## Records excerpted from a collection
* * * *
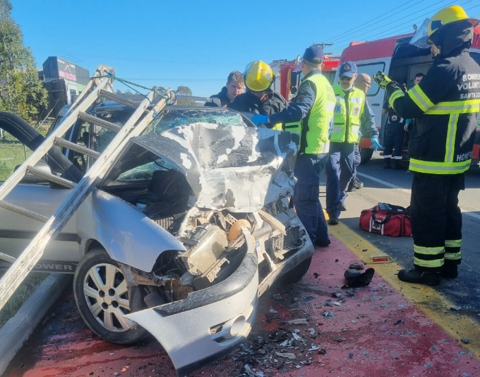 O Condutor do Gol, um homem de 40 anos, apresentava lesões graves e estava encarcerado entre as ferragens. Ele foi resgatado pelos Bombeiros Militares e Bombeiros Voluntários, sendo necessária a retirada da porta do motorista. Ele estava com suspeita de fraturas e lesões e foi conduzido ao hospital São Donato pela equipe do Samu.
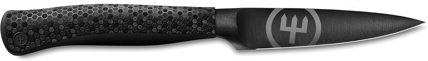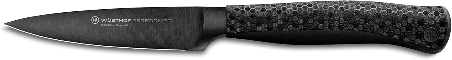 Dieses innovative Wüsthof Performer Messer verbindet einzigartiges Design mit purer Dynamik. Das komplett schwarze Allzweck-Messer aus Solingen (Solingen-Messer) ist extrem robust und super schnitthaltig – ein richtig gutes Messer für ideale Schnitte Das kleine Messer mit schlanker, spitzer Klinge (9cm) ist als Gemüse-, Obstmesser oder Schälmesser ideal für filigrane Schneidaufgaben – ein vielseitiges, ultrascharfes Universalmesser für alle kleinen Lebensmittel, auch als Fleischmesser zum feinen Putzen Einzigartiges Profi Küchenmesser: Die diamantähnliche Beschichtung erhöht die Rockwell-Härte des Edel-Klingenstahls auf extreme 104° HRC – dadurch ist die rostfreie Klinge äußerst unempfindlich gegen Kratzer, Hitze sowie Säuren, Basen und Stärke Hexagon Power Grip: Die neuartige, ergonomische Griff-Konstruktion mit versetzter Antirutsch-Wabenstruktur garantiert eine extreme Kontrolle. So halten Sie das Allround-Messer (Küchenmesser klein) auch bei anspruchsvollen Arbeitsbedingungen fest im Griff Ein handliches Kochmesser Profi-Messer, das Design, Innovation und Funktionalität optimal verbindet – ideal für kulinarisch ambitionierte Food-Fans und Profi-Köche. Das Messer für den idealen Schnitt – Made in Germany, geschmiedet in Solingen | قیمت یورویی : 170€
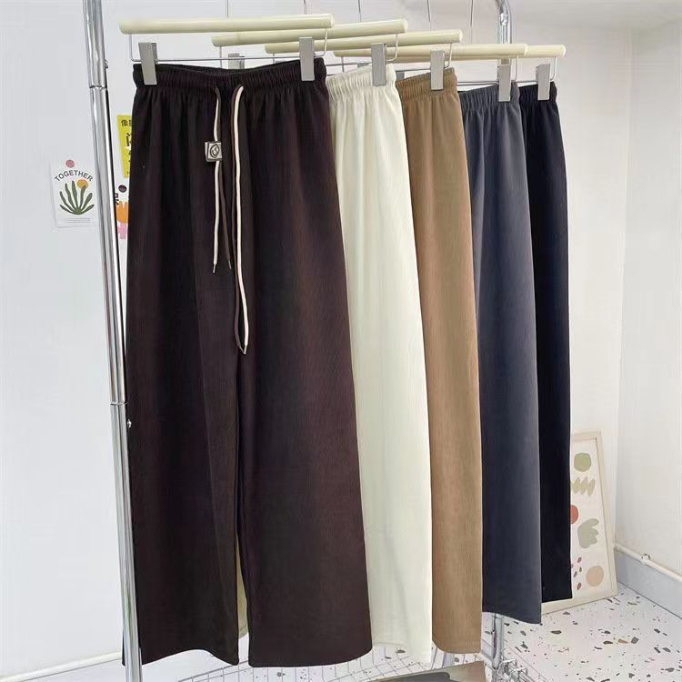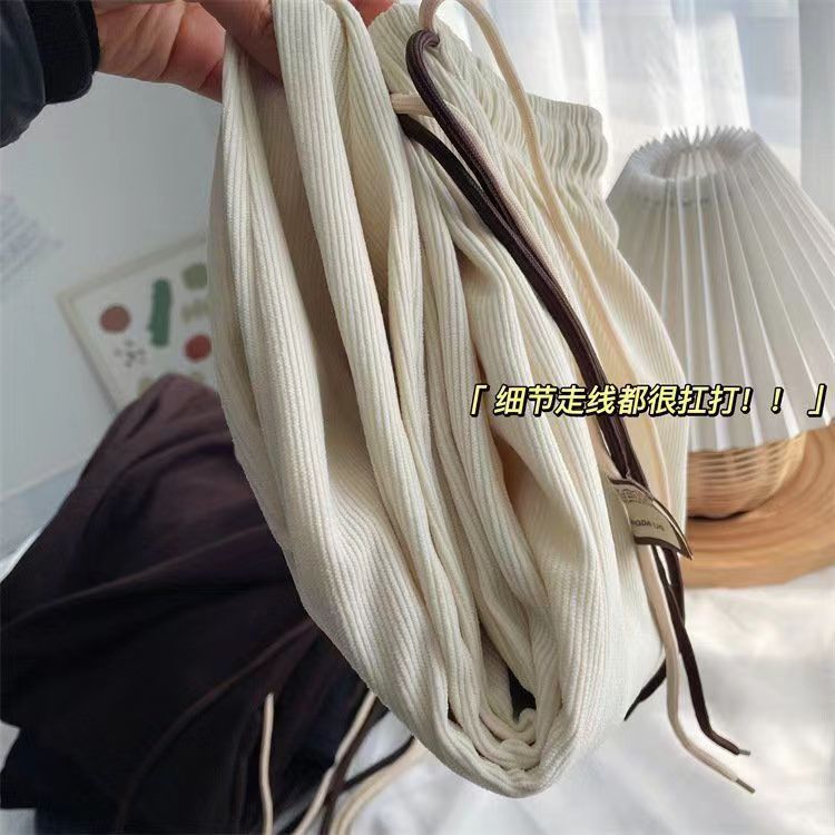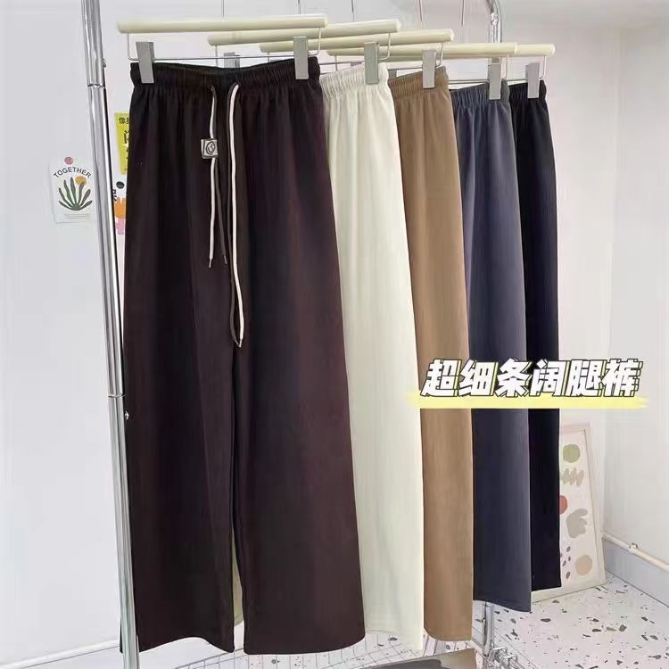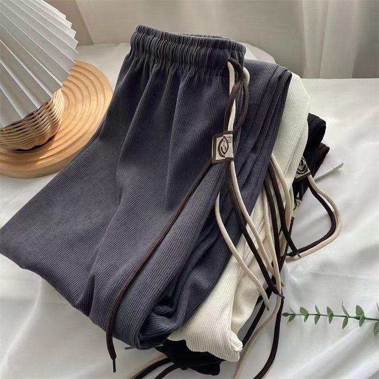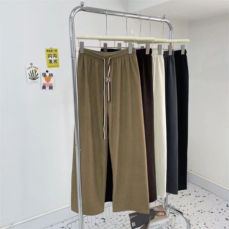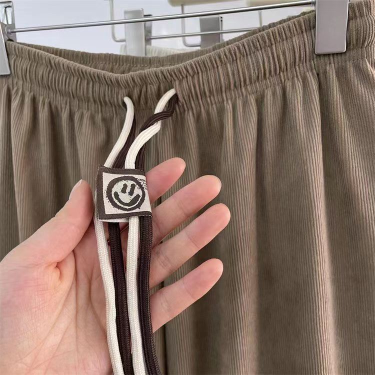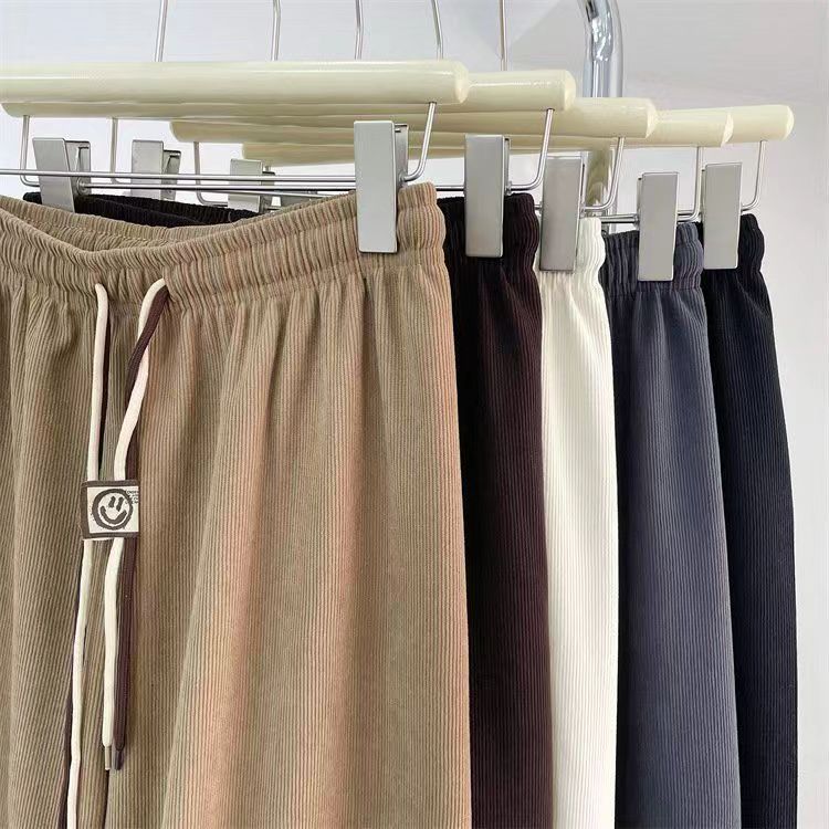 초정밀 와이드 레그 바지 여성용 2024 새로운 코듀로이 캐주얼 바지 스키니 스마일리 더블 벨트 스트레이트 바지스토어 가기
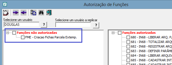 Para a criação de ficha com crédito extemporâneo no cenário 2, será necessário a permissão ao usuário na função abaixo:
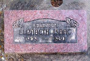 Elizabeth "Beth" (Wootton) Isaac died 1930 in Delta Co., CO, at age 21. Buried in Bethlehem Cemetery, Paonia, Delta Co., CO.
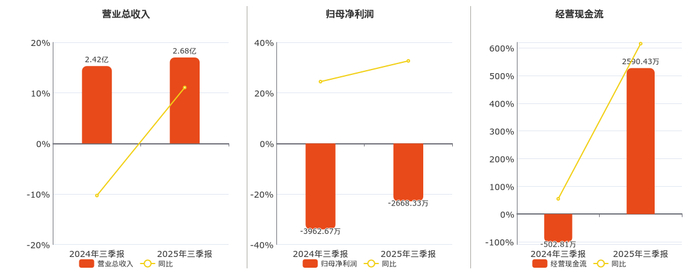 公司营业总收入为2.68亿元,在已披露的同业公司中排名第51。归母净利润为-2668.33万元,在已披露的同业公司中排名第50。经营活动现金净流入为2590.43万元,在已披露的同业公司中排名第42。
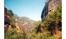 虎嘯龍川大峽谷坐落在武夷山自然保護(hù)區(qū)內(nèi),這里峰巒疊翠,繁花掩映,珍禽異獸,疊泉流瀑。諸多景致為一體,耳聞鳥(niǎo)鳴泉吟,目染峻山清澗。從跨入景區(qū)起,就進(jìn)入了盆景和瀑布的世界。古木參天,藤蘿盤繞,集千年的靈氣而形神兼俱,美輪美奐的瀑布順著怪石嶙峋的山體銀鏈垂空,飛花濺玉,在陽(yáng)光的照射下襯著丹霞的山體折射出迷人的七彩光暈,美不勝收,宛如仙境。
* * * *
## PROBLEM TO SOLVE
Print nothing except the lines above from the one containing "초정밀 와이드 레그 바지" down to the one containing "Delta Co., CO.", both included, exactly as written and free of pictures.

## EXERCISE RESPONSE
 초정밀 와이드 레그 바지 여성용 2024 새로운 코듀로이 캐주얼 바지 스키니 스마일리 더블 벨트 스트레이트 바지스토어 가기
 Para a criação de ficha com crédito extemporâneo no cenário 2, será necessário a permissão ao usuário na função abaixo:
 Elizabeth "Beth" (Wootton) Isaac died 1930 in Delta Co., CO, at age 21. Buried in Bethlehem Cemetery, Paonia, Delta Co., CO.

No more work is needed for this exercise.